PHOENIX -- Arizona's jobless rate increased in August for the third month in a row, with indications that things may not get better for awhile.
Figures released Thursday show a seasonally adjusted unemployment rate of 7.1 percent. While that is a full point lower than last August, it has been rising steadily since May when it hit 6.8 percent.
This appears to be a local issue: The national jobless rate dropped a tenth of a point in August from the prior month, to 6.1 percent.

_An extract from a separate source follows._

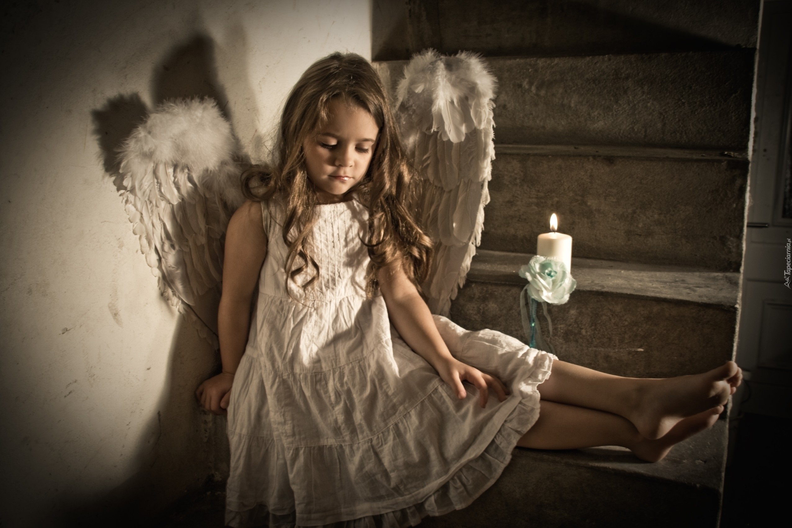 Edytor tapety: Schody, Mała, Dziewczynka, Anioł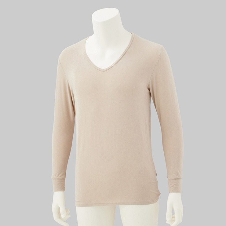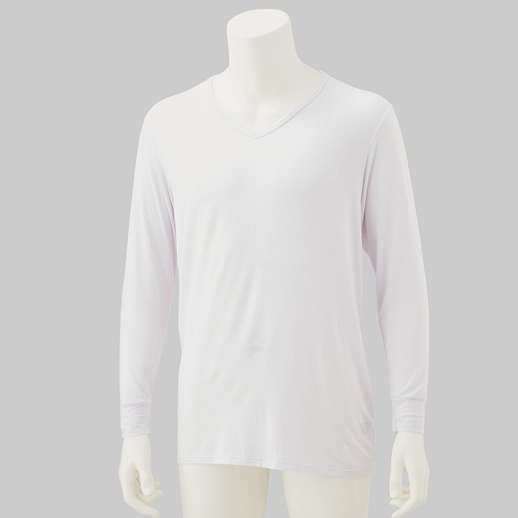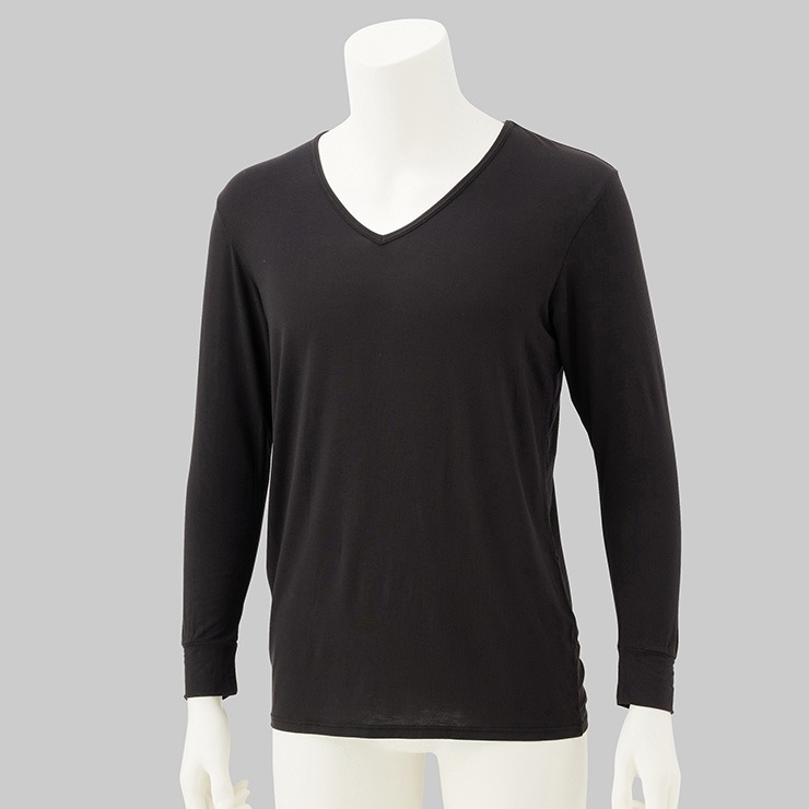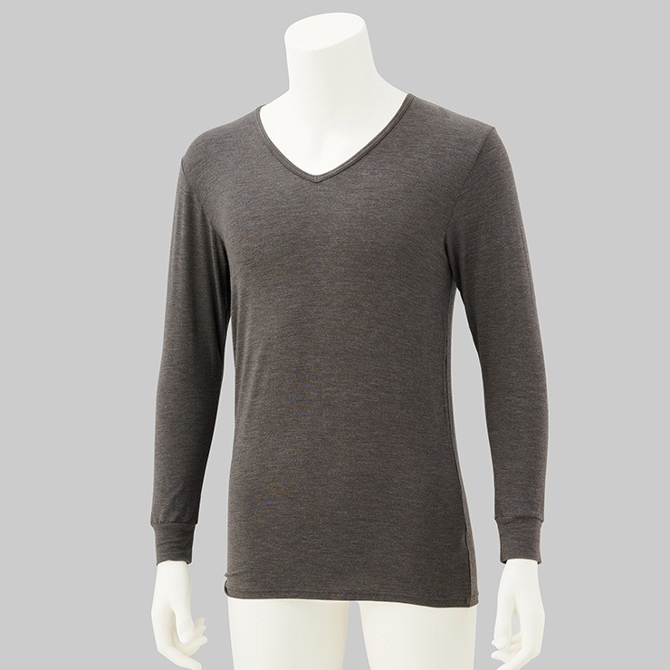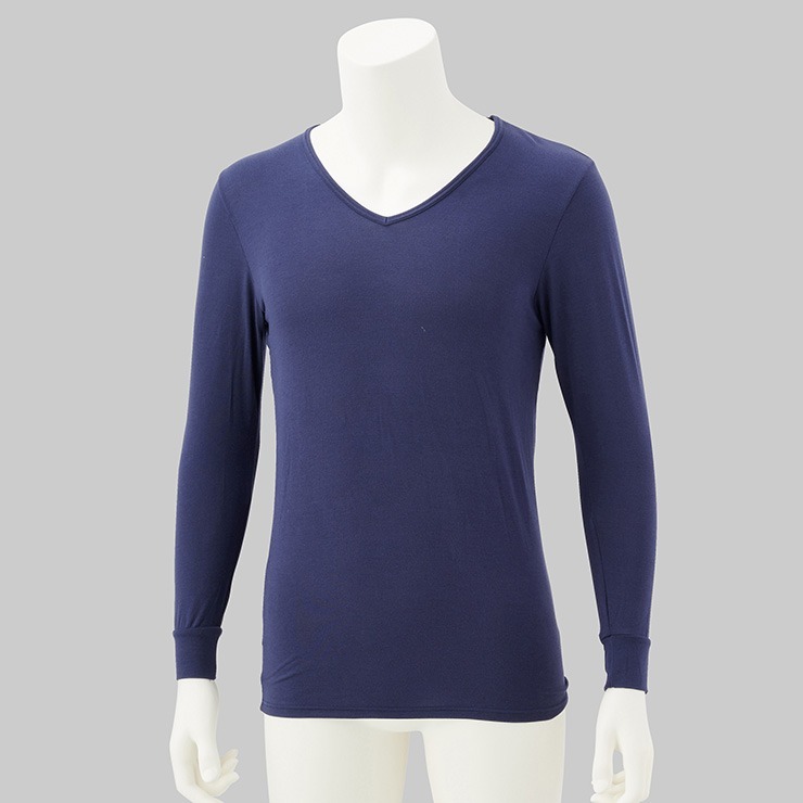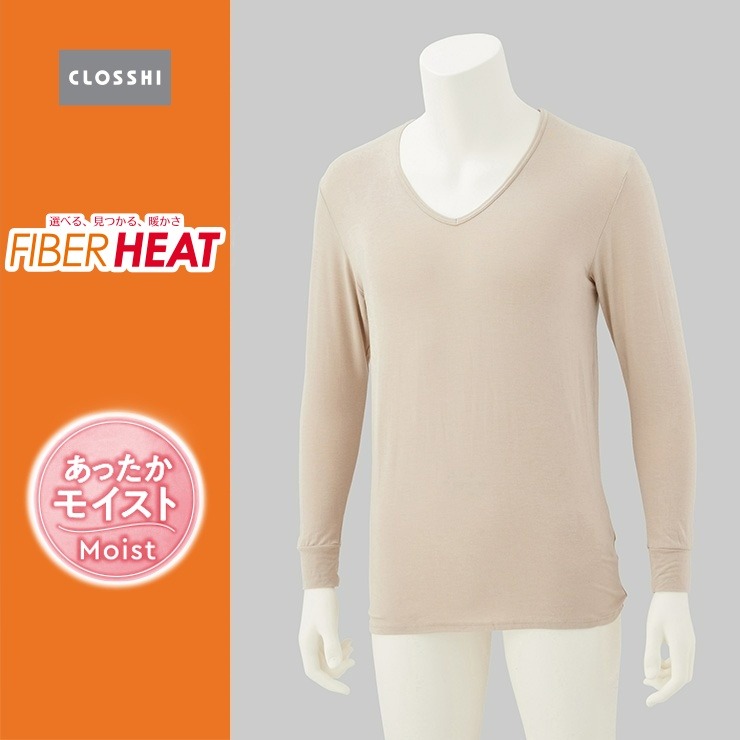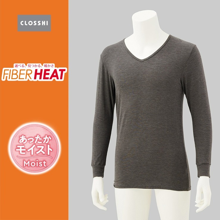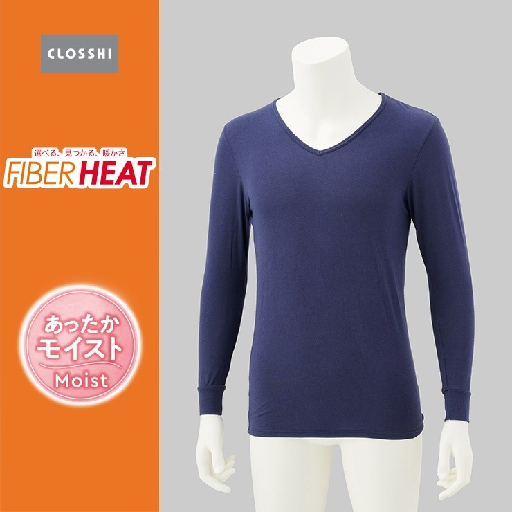 しまサポ直トク便|メンズ 長袖V首インナー(FIBER HEAT あったかモイスト)

Aruna Murthy, director of economic analysis for the state Department of Administration, said what's particularly disconcerting is August should be a much better month for growth in private sector employment. That is where the seasonal adjustment comes in, based on the hiring that normally would happen this time of year.
And she was particularly concerned that the number of people working in retail trade actually dropped by 200 from July, including losses in both general merchandise outlets and at stores selling clothing and accessories.
"For a month where you have back-to-school shopping, this is not good,' she said.
Murthy noted an uptick in hiring among firms that provide temporary workers to other companies. But she said that is not a particularly healthy sign.
"That seems to say there are changes in the economy that a lot of people being are hired as temporary rather than permanent,' she said. What that indicates, Murthy said, is companies are not confident enough the economy is growing to actually put people on their own payrolls.
At this rate, Murthy said, it's unlikely Arizona will achieve the 2.2 percent job growth she had previously predicted for 2014
"And that was a conservative forecast,' she said.
The report comes as Arizona continues to phase in a series of cuts in corporate and personal income taxes and business property taxes enacted in the last five years that proponents argued would stimulate the economy.
Murthy declined to take a position on whether the already enacted tax cuts are paying off or have not helped job growth, saying it may be too soon to tell. And Gov. Jan Brewer, who signed them into law, would not comment.
The question, however, has become an issue in the race for who will replace Brewer.
Republican Doug Ducey has said taxes are the primary consideration when businesses decide where to relocate. And he promised that if elected he will submit legislation to reduce taxes every year, "with the goal of pushing income tax rates as close to zero as possible.'
But Democrat Fred DuVal said new across-the-board tax cuts do not make economic sense.
"We have been very aggressive in reducing tax rates waiting for the 'great comeback' to occur,' he told Capitol Media Services Thursday in an interview about the latest employment numbers.
"It, by itself, has not succeeded,' he continued.
"We've got a competitive tax system now,' DuVal continued. "What we don't have is a competitive education system,' something he said is a key concern of business executives looking to be sure that they will have trained workers for their companies and good schools for their own children.
But Ducey, in separate interview, said it's not that simple.
"A trained workforce and good schools are important in an economic climate, as are tax cuts,' he said. "They're not mutually exclusive of each other.'
Nor was he willing to back away from his campaign promise to further reduce taxes.
"Tax cuts are not a mistake,' he said. "Tax cuts put more money back in hardworking taxpayers' pockets.'
That still leaves the question of why Arizona has 137,000 fewer jobs now than before the recession despite the cuts already approved, including slashing corporate income tax rates by 30 percent. Ducey placed the blame on a "tepid and lukewarm national recovery' even though the national jobless rate is a full point below Arizona and employment in most other states is at pre-recession levels.
Thursday's report showed one bright spot in the economy: Hiring in health care is up by about 2,400 from July and 10,800 from the same time a year earlier.
But Murthy said this likely has to do with the enactment of the Affordable Care Act -- and Arizona's own decision to tap that to expand its Medicaid program -- as more people with insurance mean more people who can afford to go to the doctor.
There's a political angle to that, too: Ducey has openly questioned the decision by Jan Brewer to push through that expansion over the objection of most Republican legislators; DuVal supports the move.